REQUIREMENT: The records below are to be transcribed exactly, with the pictures removed.

SUPPLIED DATA:
■ ■ ■ ■ ■
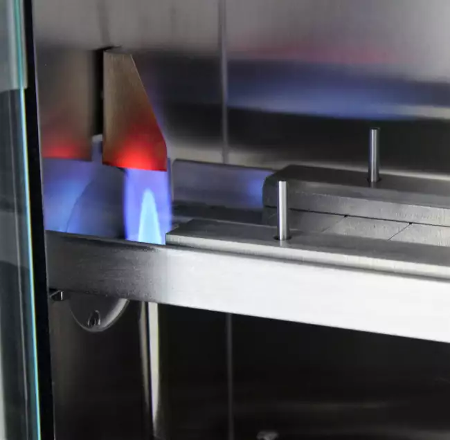 Flame resistance test instrument for determining the horizontal flammability rating of materials used in interior compartments of motor vehicles. Interior detail with ignited flame.
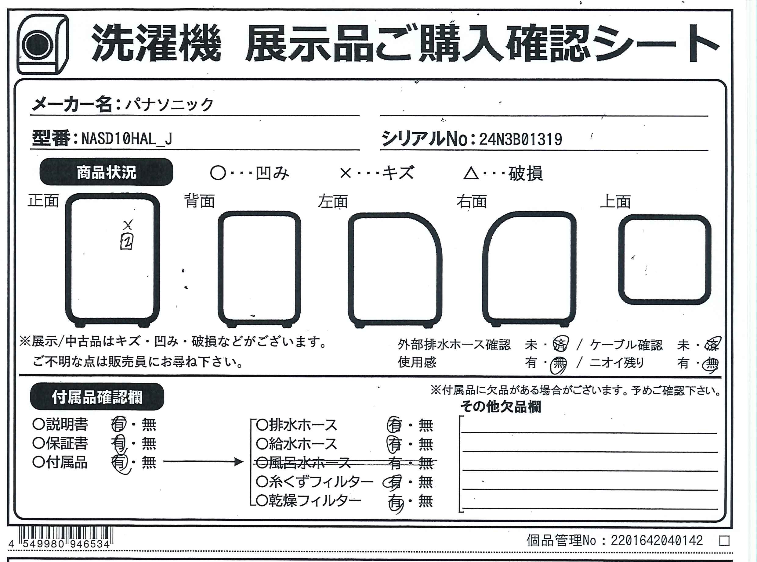 中古商品ランクについて 付属品・商品状態について 〔付属品〕取扱説明書、かんたんガイド、給水ホース(長さ0.8m)、外部排水ホース(ホースバンド付き)、カバー×2、カバー用ネジ×2、ホース穴カバー
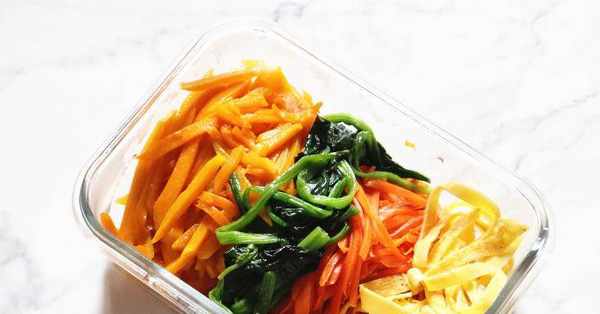 2、锅里留底油,倒入菠菜大火翻炒至变软,加入适量盐、香油炒匀盛出。锅里重新放油,倒入胡萝卜丝炒熟,加盐炒匀盛出,再把南瓜丝炒熟盛出。
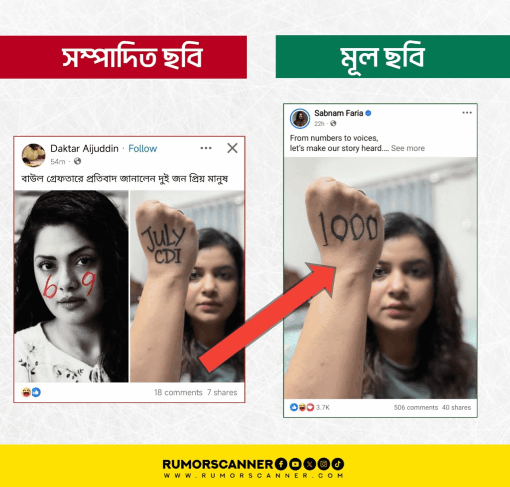 এ বিষয়ে অনুসন্ধানে ছোটপর্দার অভিনেত্রী শবনম ফারিয়ার ফেসবুক অ্যাকাউন্টে গত ২৫ নভেম্বরে প্রকাশিত একটি ছবি খুঁজে পাওয়া যায়। উক্ত ছবিটি পর্যবেক্ষণে ১০০০ শীর্ষক সংখ্যা দেখা গেলেও আলোচিত দাবিতে প্রচারিত ছবিতে এর স্থলে ‘JULY CDI’ শীর্ষক লিখা সংযুক্ত করা হয়েছে।
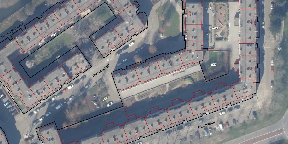 Het perceel waarop Tekkopstraat 22 staat heeft een oppervlakte van 9940 m². Dit is een zeer groot perceel. De perceeloppervlakte wordt geregistreerd door het Kadaster. Gedetailleerde informatie over de maten van dit perceel kunt u vinden in het rapport Kadastrale kaart met maatvoering van Tekkopstraat 22.
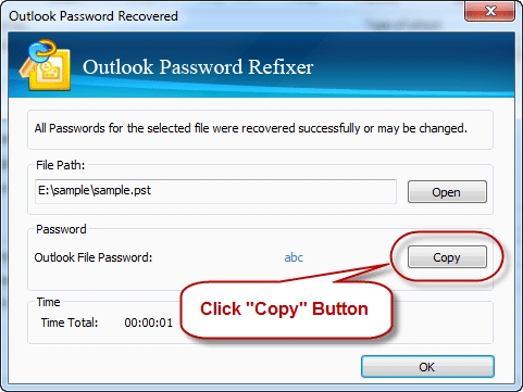 如果一切正常,Outlook.pst密码将很快恢复并显示在弹出对话框中。然后,您可以单击“复制”按钮并粘贴密码以打开受密码保护的Outlook.pst文件。
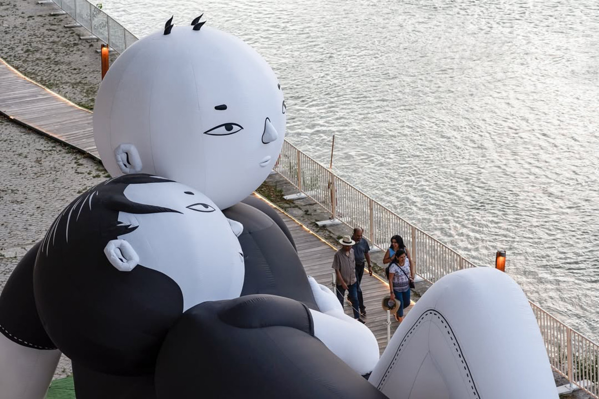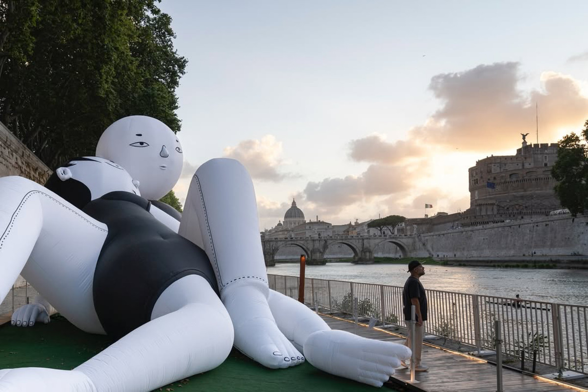 ‘The Lovers’ rappresenta la sintesi perfetta di due forme d’arte uniche: la progettazione ingegnerizzata e su misura di FLY IN e il linguaggio grafico inconfondibile della street art di Millo. La spettacolare installazione gonfiabile domina da alcune settimane un tratto del Lungotevere, a Roma, a due passi dalla maestosità millenaria di Castel Sant’Angelo.
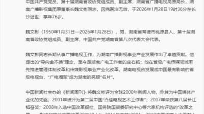 谢娜悼念魏文彬 缅怀“电视湘军”领军人物
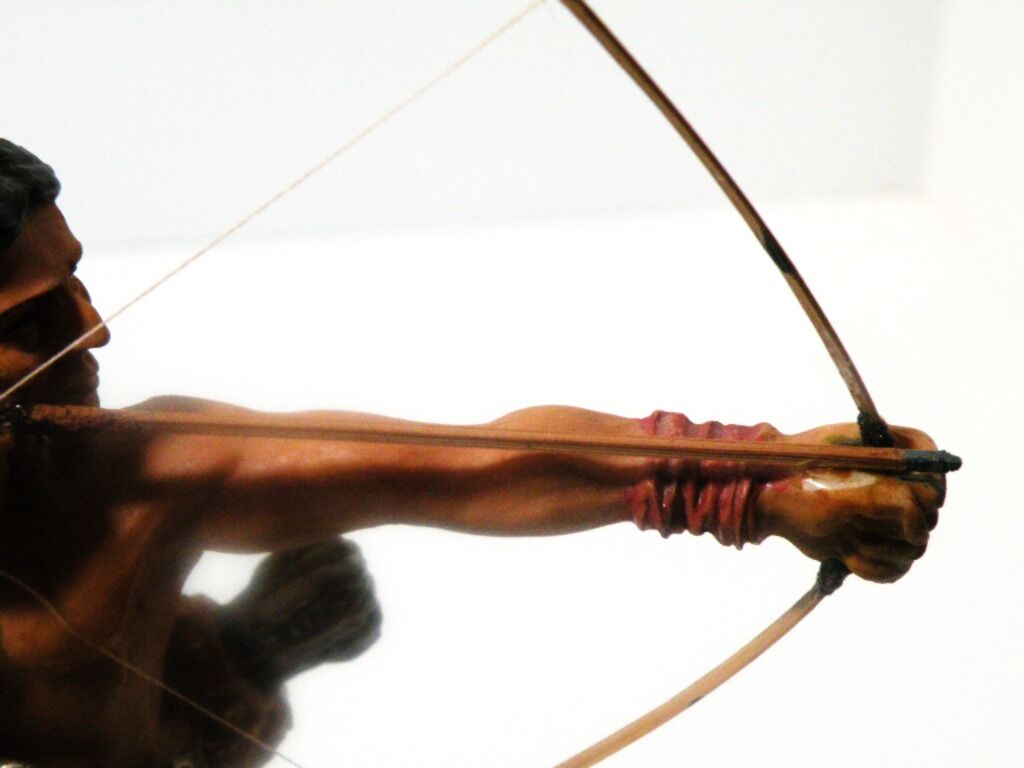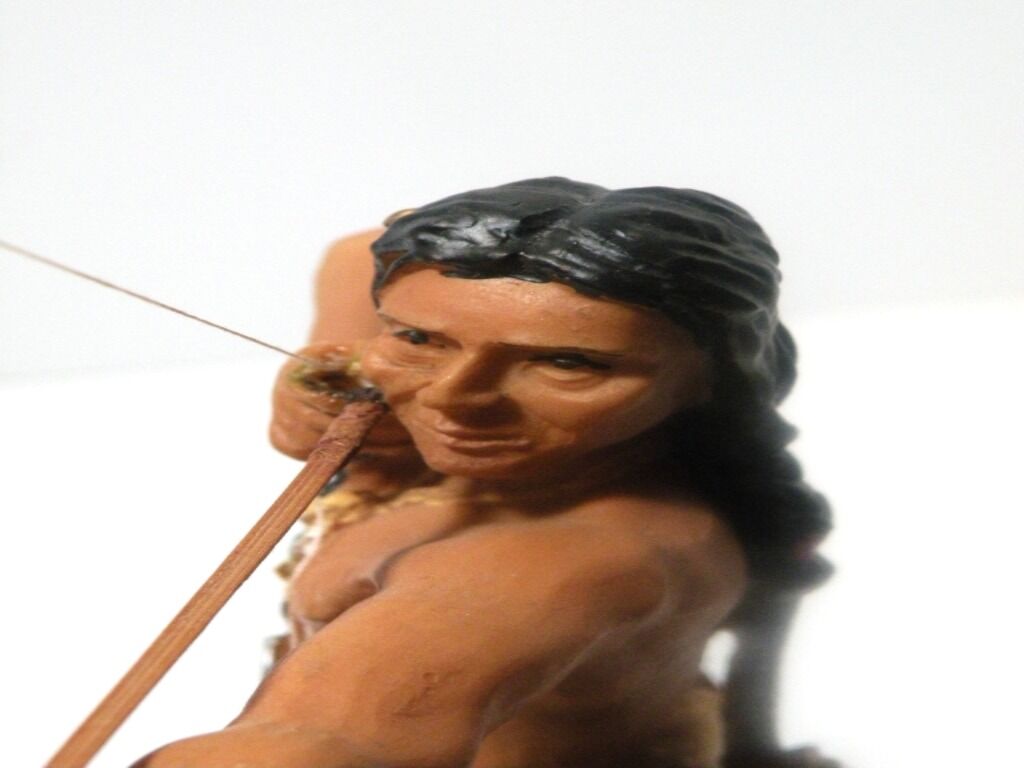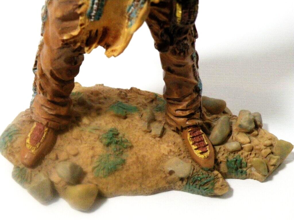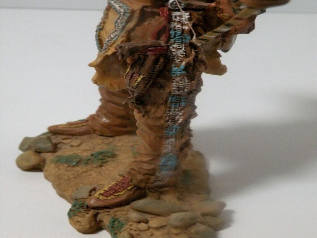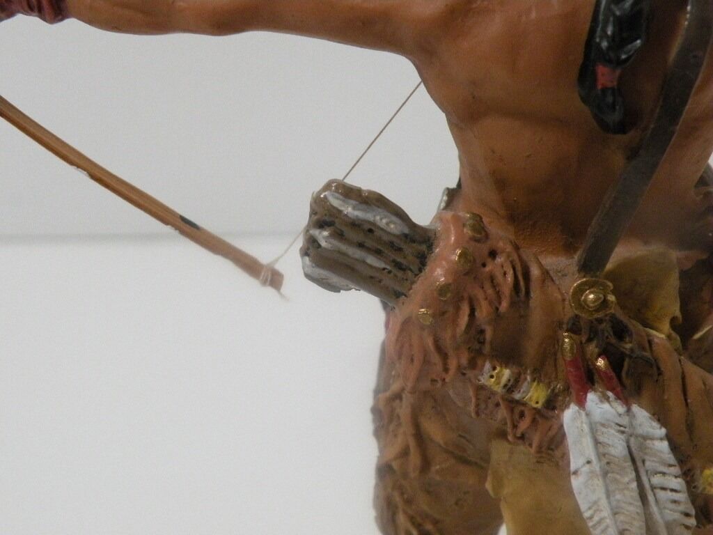 He stands 8 inches and is dressed in leather looking pants which have braided trim of white and blue running down the pantleg. He has feathers attached to his belt and in the back, he is carrying a quiver filled with arrows. He carries a sheath with a knife inside. He has a cloth on his belt that has the same braid as on his pants. He wears feathers in his hair. He is concentrating all his energy on shooting the arrow to hit his target. His bow is painted with the colors of black, red and white. He wears around his neck a small medicine bag which has the same colors on it as his pants and cloth. The bow is strung with natural string. His feet are securely placed on a rock base on which he is standing. He will be a great
■ ■ ■ ■ ■
SOLUTION:
 Flame resistance test instrument for determining the horizontal flammability rating of materials used in interior compartments of motor vehicles. Interior detail with ignited flame.
 中古商品ランクについて 付属品・商品状態について 〔付属品〕取扱説明書、かんたんガイド、給水ホース(長さ0.8m)、外部排水ホース(ホースバンド付き)、カバー×2、カバー用ネジ×2、ホース穴カバー
 2、锅里留底油,倒入菠菜大火翻炒至变软,加入适量盐、香油炒匀盛出。锅里重新放油,倒入胡萝卜丝炒熟,加盐炒匀盛出,再把南瓜丝炒熟盛出。
 এ বিষয়ে অনুসন্ধানে ছোটপর্দার অভিনেত্রী শবনম ফারিয়ার ফেসবুক অ্যাকাউন্টে গত ২৫ নভেম্বরে প্রকাশিত একটি ছবি খুঁজে পাওয়া যায়। উক্ত ছবিটি পর্যবেক্ষণে ১০০০ শীর্ষক সংখ্যা দেখা গেলেও আলোচিত দাবিতে প্রচারিত ছবিতে এর স্থলে ‘JULY CDI’ শীর্ষক লিখা সংযুক্ত করা হয়েছে।
 Het perceel waarop Tekkopstraat 22 staat heeft een oppervlakte van 9940 m². Dit is een zeer groot perceel. De perceeloppervlakte wordt geregistreerd door het Kadaster. Gedetailleerde informatie over de maten van dit perceel kunt u vinden in het rapport Kadastrale kaart met maatvoering van Tekkopstraat 22.
 如果一切正常,Outlook.pst密码将很快恢复并显示在弹出对话框中。然后,您可以单击“复制”按钮并粘贴密码以打开受密码保护的Outlook.pst文件。
 ‘The Lovers’ rappresenta la sintesi perfetta di due forme d’arte uniche: la progettazione ingegnerizzata e su misura di FLY IN e il linguaggio grafico inconfondibile della street art di Millo. La spettacolare installazione gonfiabile domina da alcune settimane un tratto del Lungotevere, a Roma, a due passi dalla maestosità millenaria di Castel Sant’Angelo.
 谢娜悼念魏文彬 缅怀“电视湘军”领军人物
 He stands 8 inches and is dressed in leather looking pants which have braided trim of white and blue running down the pantleg. He has feathers attached to his belt and in the back, he is carrying a quiver filled with arrows. He carries a sheath with a knife inside. He has a cloth on his belt that has the same braid as on his pants. He wears feathers in his hair. He is concentrating all his energy on shooting the arrow to hit his target. His bow is painted with the colors of black, red and white. He wears around his neck a small medicine bag which has the same colors on it as his pants and cloth. The bow is strung with natural string. His feet are securely placed on a rock base on which he is standing. He will be a great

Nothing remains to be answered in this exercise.